The initial discernment came, however, from outside the Reformed tradition. In 1977 the Lutheran World Federation at a meeting in Dar es Salaam declared that a status confessionis did indeed exist in South Africa, and they challenged all white Lutherans to reject apartheid. A year later at a SACC consultation on racism, black Christians called on white Christians to purge the church of racism within twelve months, failing which they “will have no alternative but to witness to the Gospel of Jesus Christ by becoming a confessing church” (De Gruchy 2004:192). Yet, the ecclesiological impact of this discernment and passion was never realised because whilst there were certainly many in the ‘ecumenical churches’ who benefited from apartheid or were racist themselves, none of the churches qua churches actually defended apartheid or racism on theological grounds. In the NG Kerk and the wider Reformed tradition in South Africa, however, it was a different story and it was therefore here that the ideological battle for ‘true doctrine’ was waged and won (see S de Gruchy 2006).

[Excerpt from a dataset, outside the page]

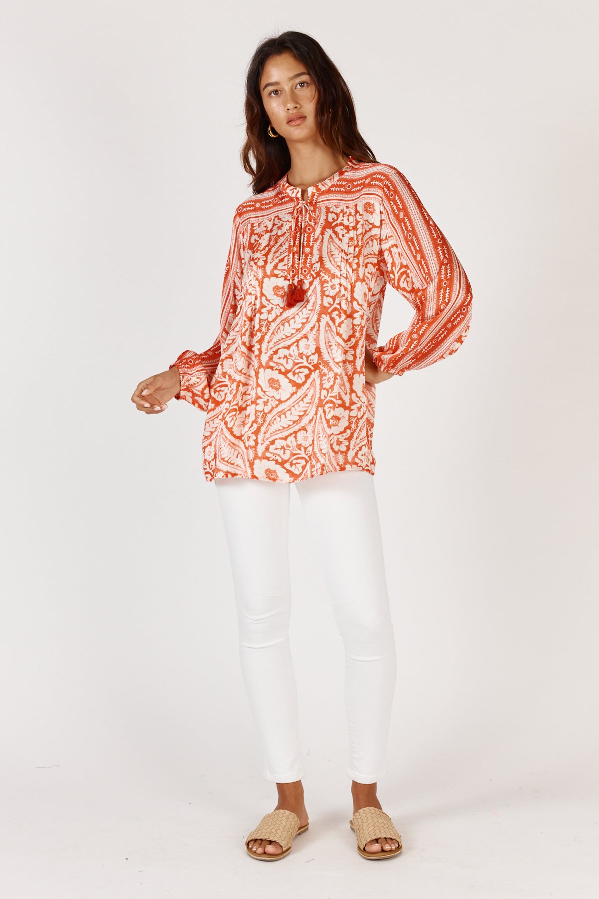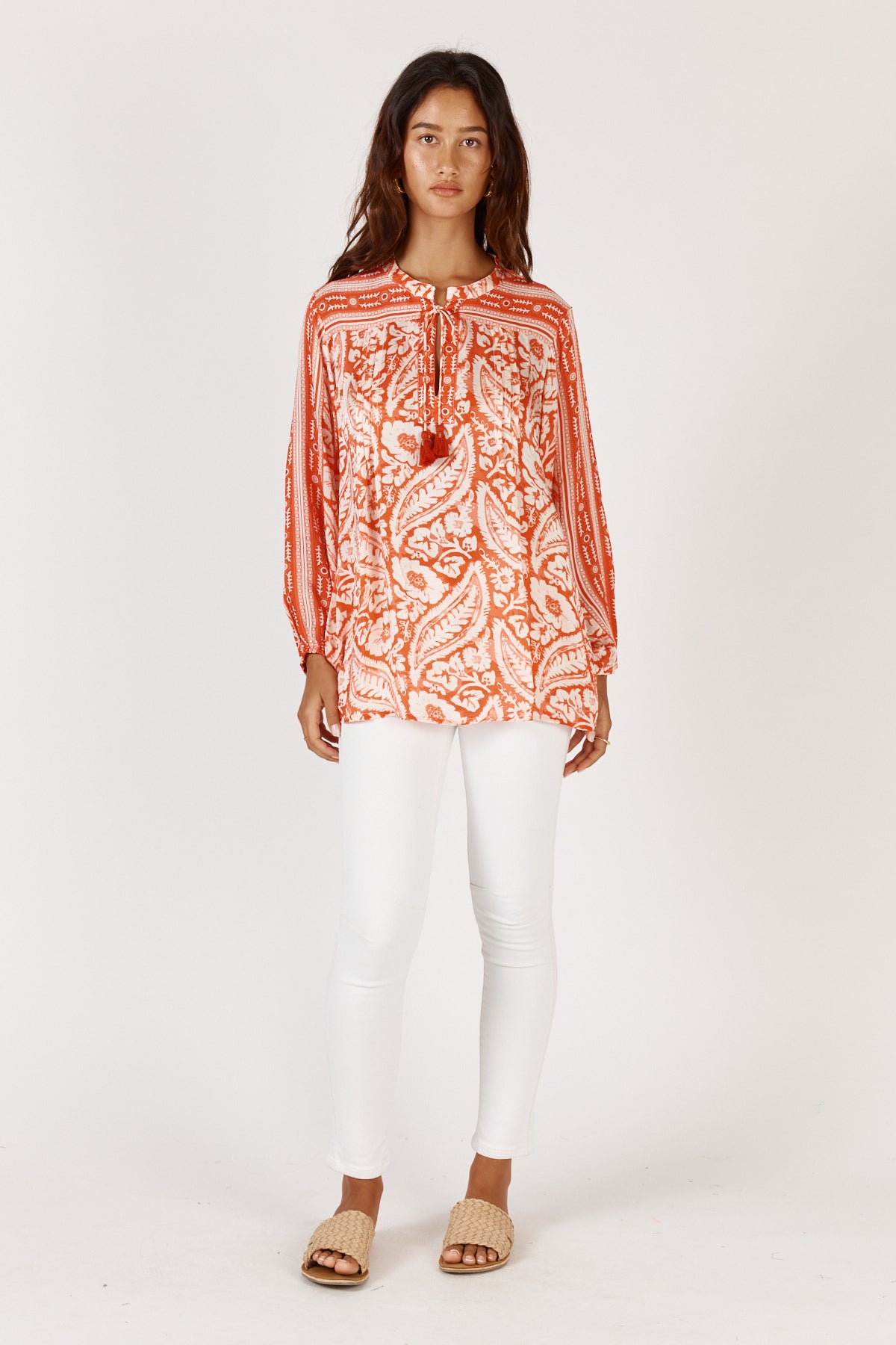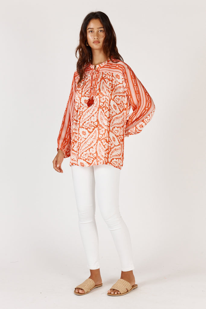 The Rubyyaya Constantine Shirt in rich red combines effortless elegance with refined comfort. Crafted from luxurious modal satin, this relaxed-fit piece drapes beautifully while maintaining its shape. Extended sleeves and a distinctive tassel tie detail elevate the design, making it equally suited to casual weekends or polished evenings. A versatile wardrobe essential that transitions seamlessly from day to night.

Under the leadership of Alan Boesak, the Alliance of Black Reformed Christians in South Africa (ABRECSA) was formed in 1981, and it immediately put to the South African member churches of WARC, (the World Alliance of Reformed Churches, i.e. the NG family, Presbyterian and Congregational churches) that the status confessionis was indeed real, that apartheid was a ‘false gospel’ and its theological justification a heresy. This message then exploded onto the world stage when the General Council meeting of WARC in Ottawa, Canada in 1982 recognised the status confessionis in South Africa and declared that “apartheid is a sin, and that its moral and theological justification … a theological heresy.” (See De Gruchy 2004). This declaration meant that the Reformed churches in South Africa were called upon to confess their faith in this context of ‘disobedience to the Word of God’, and so at the General Synod of the NG Sendingkerk in September and October 1982, the draft Belhar Confession was adopted. After it was sent down to local congregations, it was formally adopted by the Church in 1986.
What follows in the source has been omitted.